**Work task**. Reproduce only the lines below from the line containing "delivered fresh cream." to the line containing "1990.1.1.8 - Multicolored", exactly as written, with both end lines kept. Omit the pictures.

**Data extracts**.
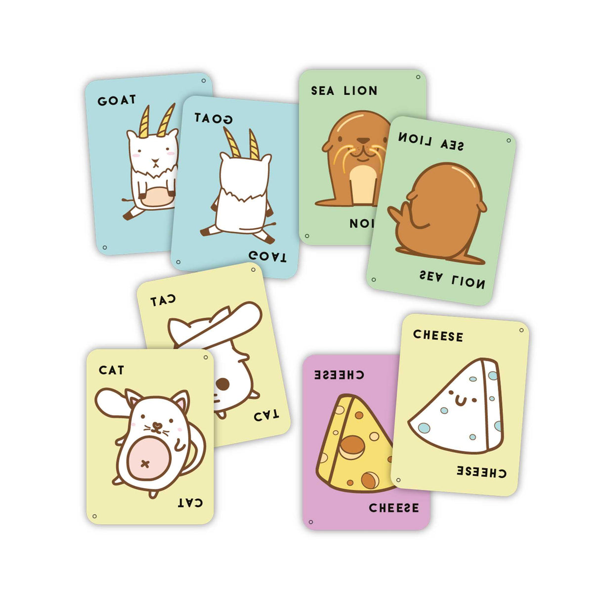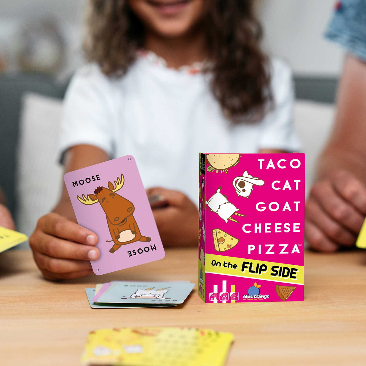 Taco Cat Goat Cheese Pizza is back with new characters and rules, On The Flip Side. This is the social card game that is going to flip your game night completely upside down! Race your friends in this hand slapping, laugh inducing, action packed version of our wildly popular party game, Taco Cat Goat Cheese Pizza, But - watch out! You can easily be fooled with its crazy reversed twist! This game is fast, fun and friendly...
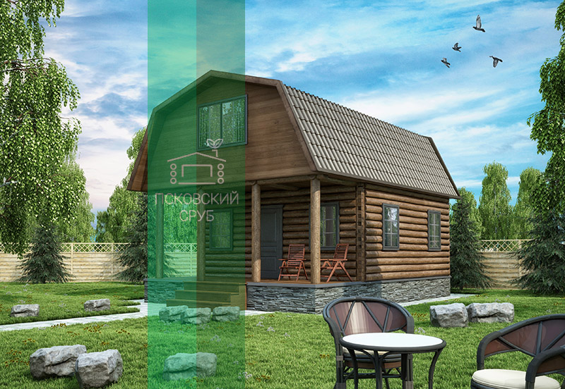 Проект двухэтажного дома Сруб дома 6х6 с террасой 2 метра доставка установка включены.
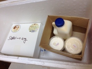 “You have to look after it” Pepe said. That didn’t involve reading it a bedtime story, as it turned out, just wrapping it up tightly every time you use it. “How far are you from home?” he asked. Daniela explained that we weren’t far, but we had undertaken the hazardous and windswept walk all the way from the IKEA car park. So he gave us a styrofoam box and lovingly loaded up his produce, tucking an ice pack in with it. We left him to look after his half tonne of freshly delivered fresh cream.
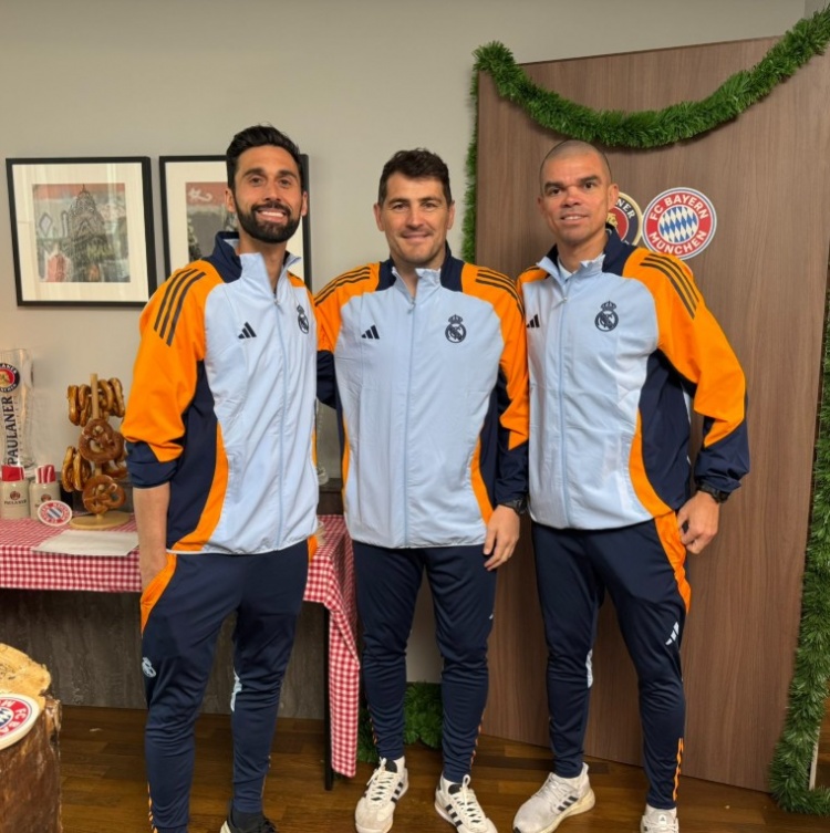 賽前,代表皇馬傳奇隊(duì)出戰(zhàn)的卡西、佩佩、阿韋羅亞合影留念,三人曾攜手幫助球隊(duì)拿到第10座歐冠冠軍。卡西現(xiàn)年43歲,出道于皇馬,2015年離隊(duì);佩佩現(xiàn)年42歲,2007年-2017年效力皇馬;阿韋羅亞現(xiàn)年42歲,出道于皇馬,并于2009年-2016年回到皇馬效力。
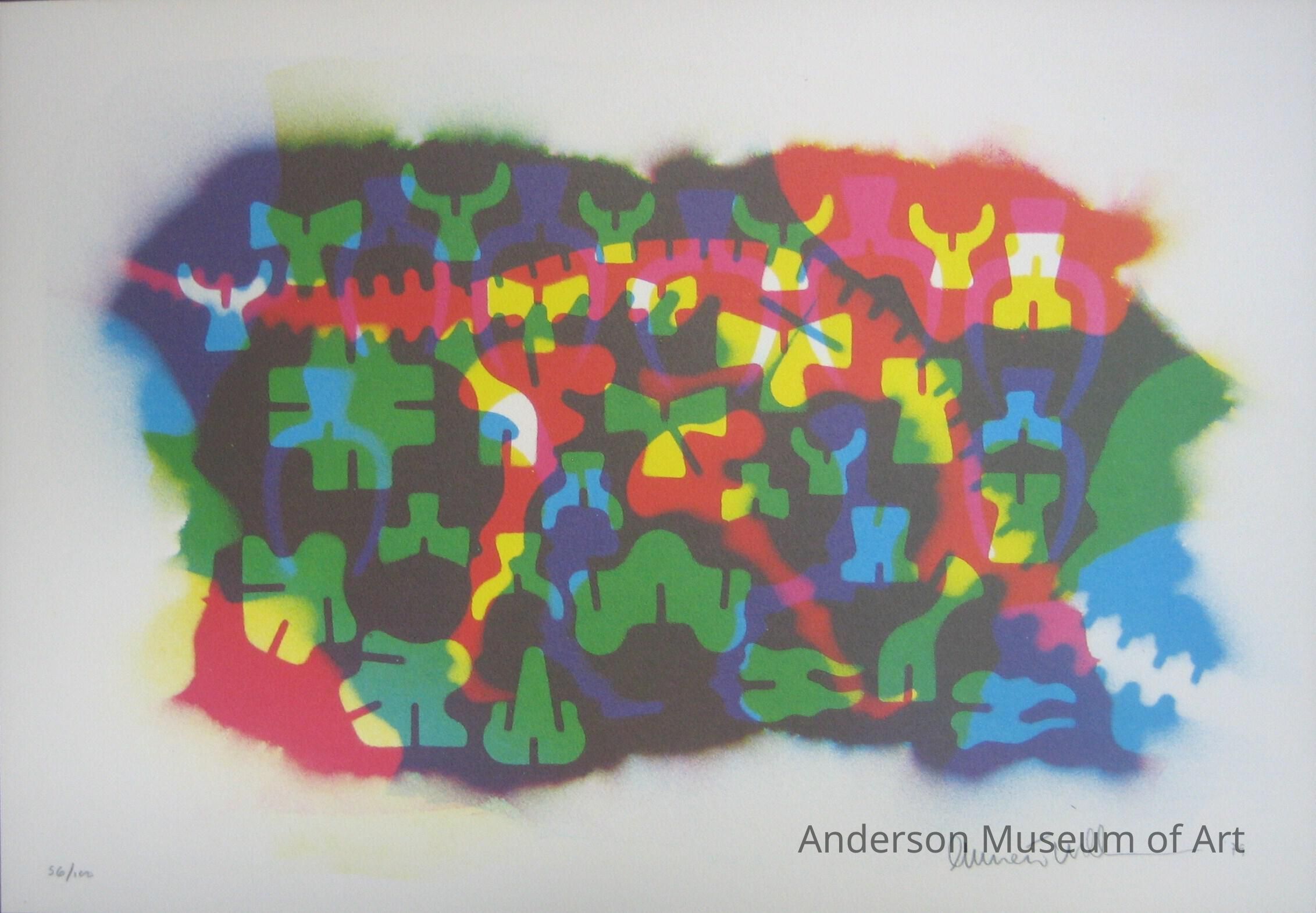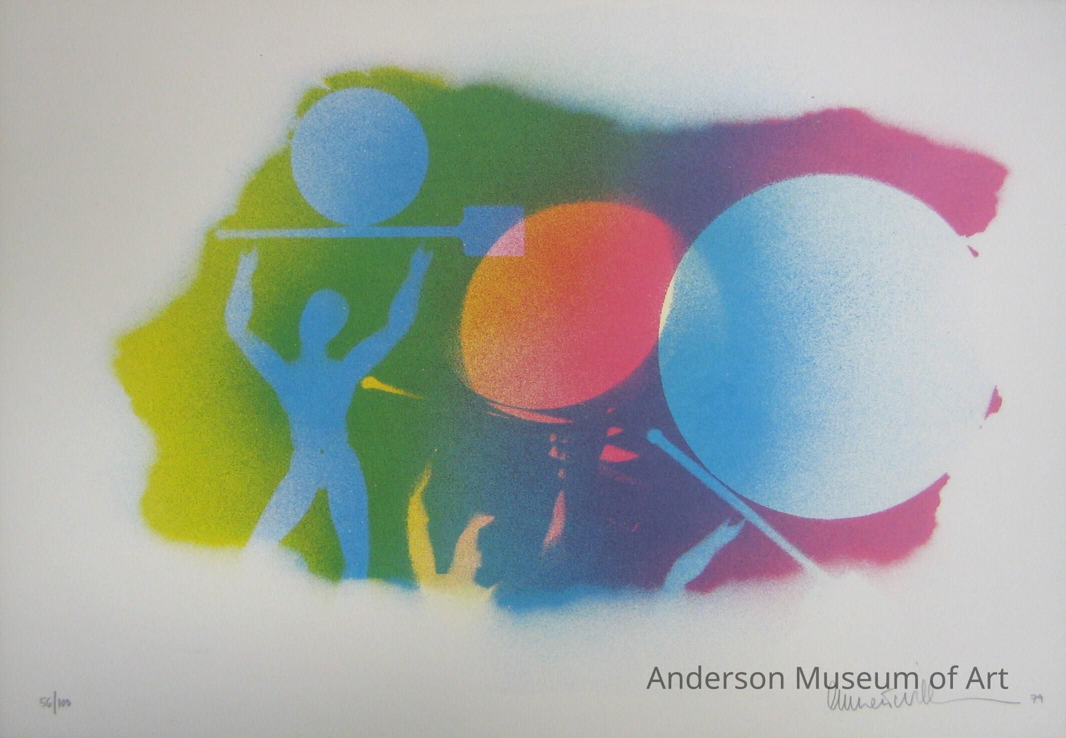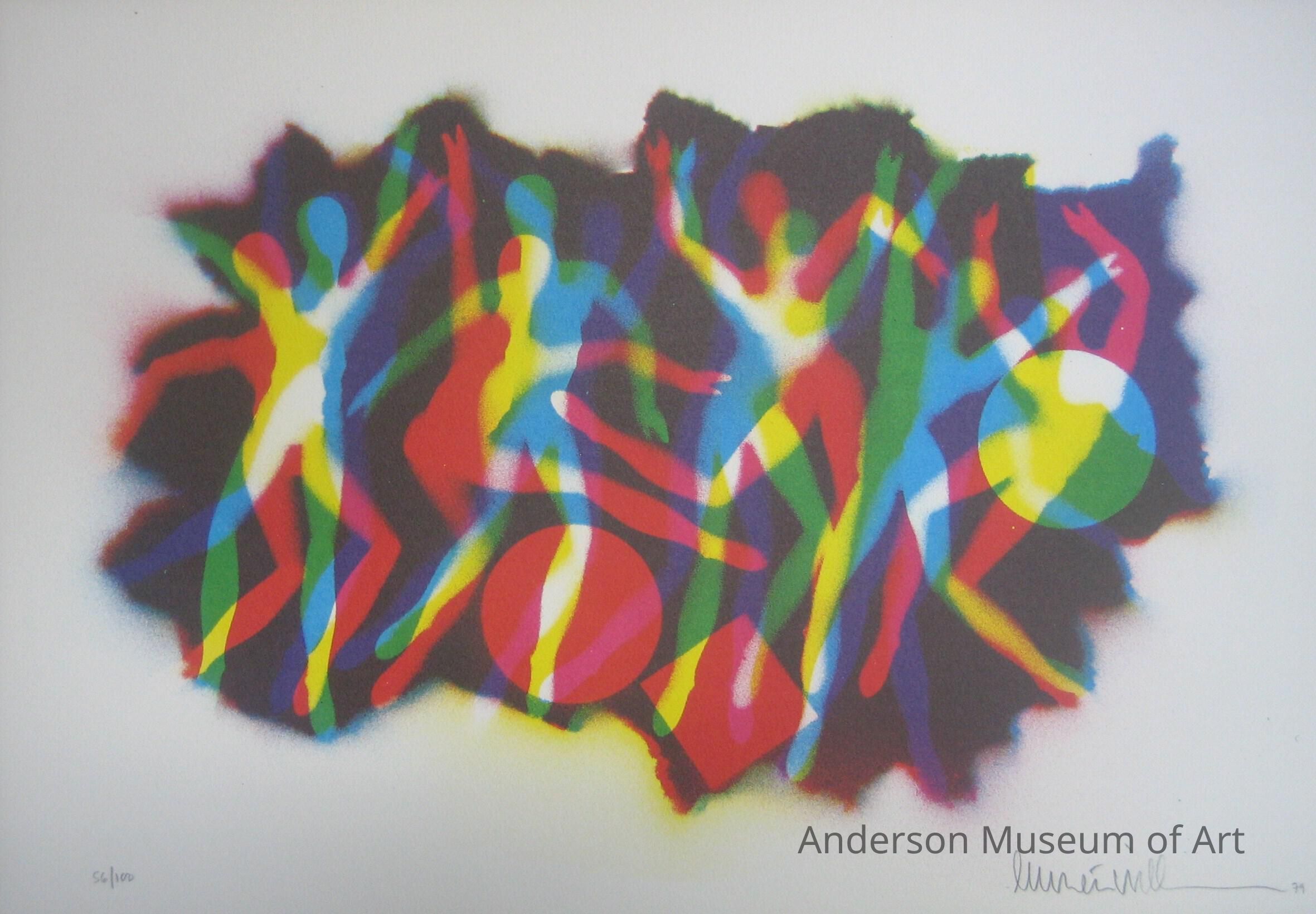 1990.1.1.8 - Multicolored print. There are several repeating figures in dance-like movements across the page. There is a red circle and square at the bottom and another circle on the right. Print 56/100. 13.875 x 19.75. Signed LR corner.
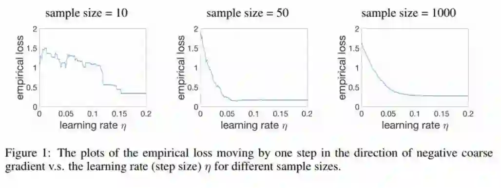 作者在论文中给出一个说明,其表示粗粒梯度下降的收敛保证基于训练样本无限的假设。在仅有少量数据时,在粗粒尺度上,实验损失大致会沿负粗粒梯度方向下降。随着样本规模增大,实验损失会变得单调和平滑。图 1 给出这一思路的图示。
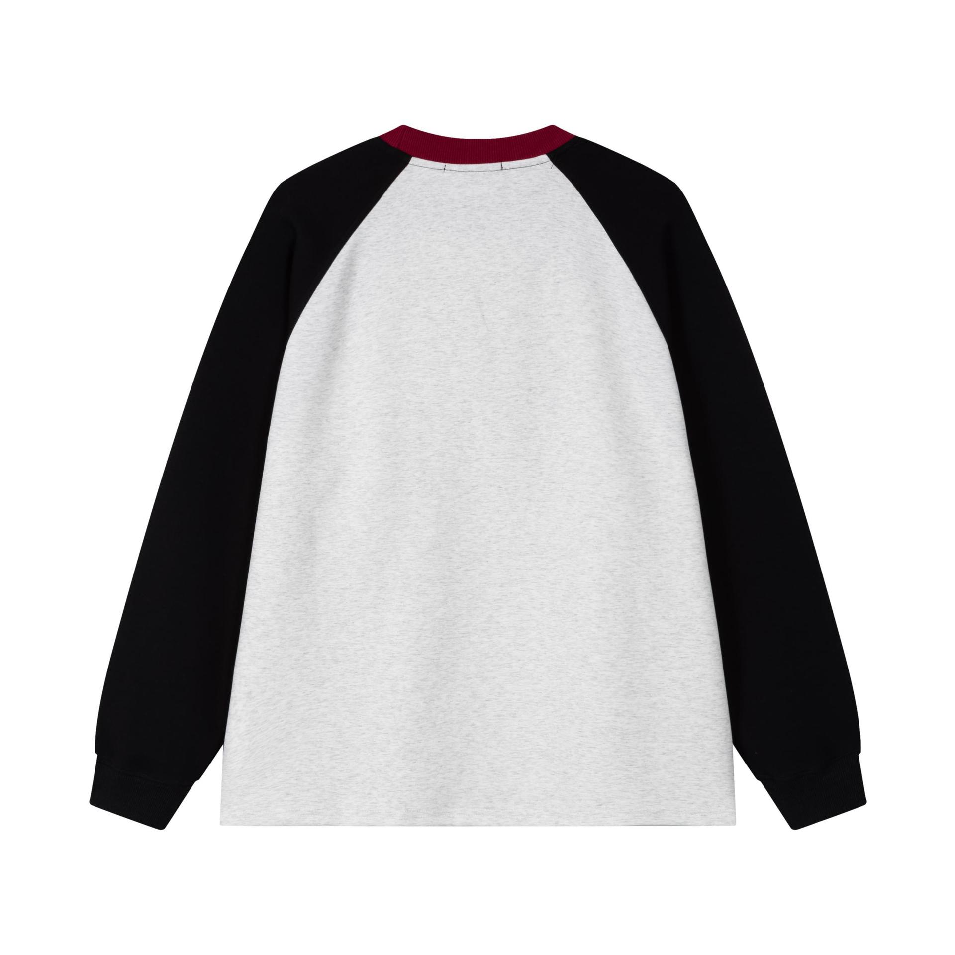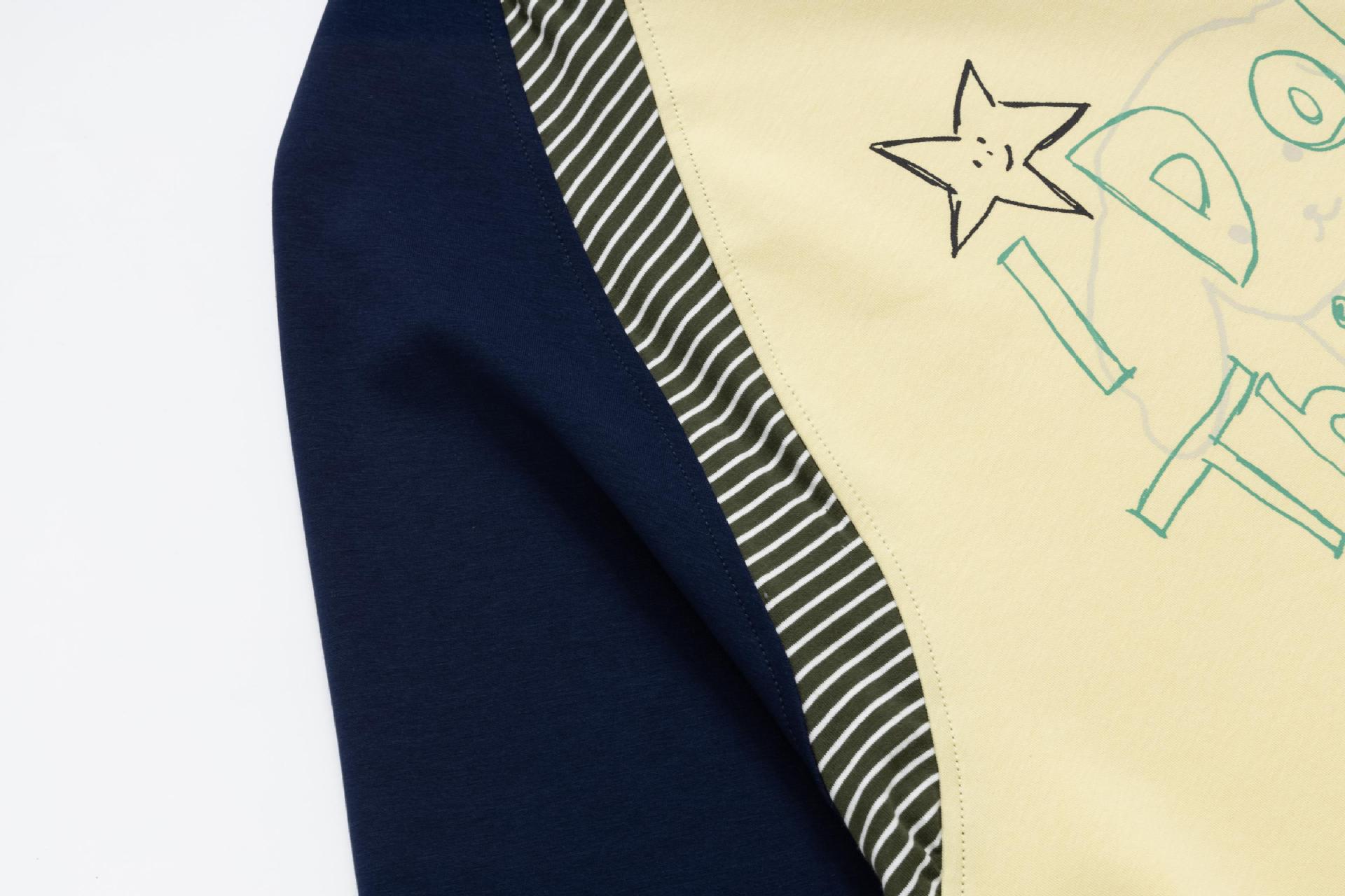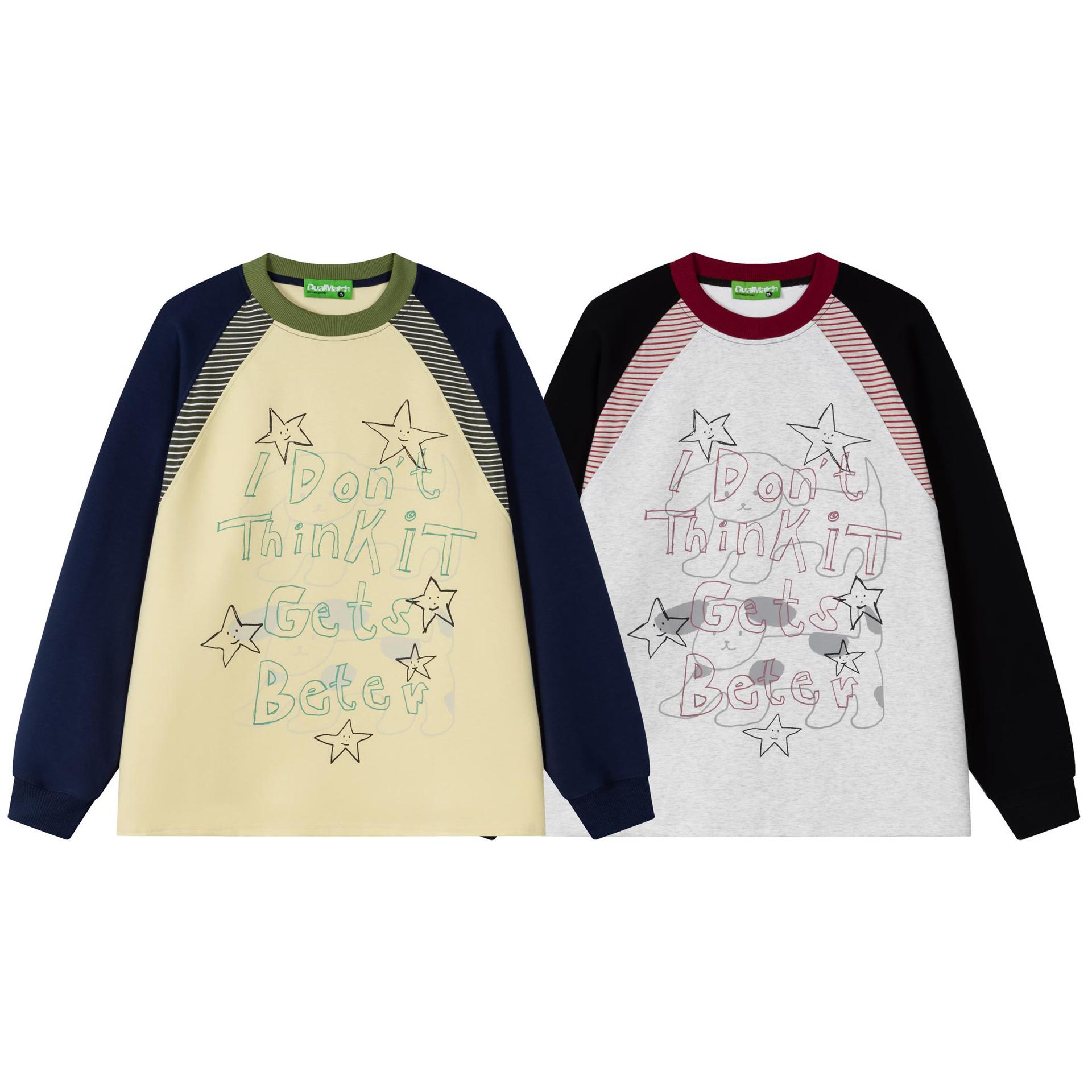 Hand drawn puppy striped patchwork long sleeved sweatshirt for men and women | MuddyStock Originals

**Output of the task**.
 “You have to look after it” Pepe said. That didn’t involve reading it a bedtime story, as it turned out, just wrapping it up tightly every time you use it. “How far are you from home?” he asked. Daniela explained that we weren’t far, but we had undertaken the hazardous and windswept walk all the way from the IKEA car park. So he gave us a styrofoam box and lovingly loaded up his produce, tucking an ice pack in with it. We left him to look after his half tonne of freshly delivered fresh cream.
 賽前,代表皇馬傳奇隊(duì)出戰(zhàn)的卡西、佩佩、阿韋羅亞合影留念,三人曾攜手幫助球隊(duì)拿到第10座歐冠冠軍。卡西現(xiàn)年43歲,出道于皇馬,2015年離隊(duì);佩佩現(xiàn)年42歲,2007年-2017年效力皇馬;阿韋羅亞現(xiàn)年42歲,出道于皇馬,并于2009年-2016年回到皇馬效力。
 1990.1.1.8 - Multicolored print. There are several repeating figures in dance-like movements across the page. There is a red circle and square at the bottom and another circle on the right. Print 56/100. 13.875 x 19.75. Signed LR corner.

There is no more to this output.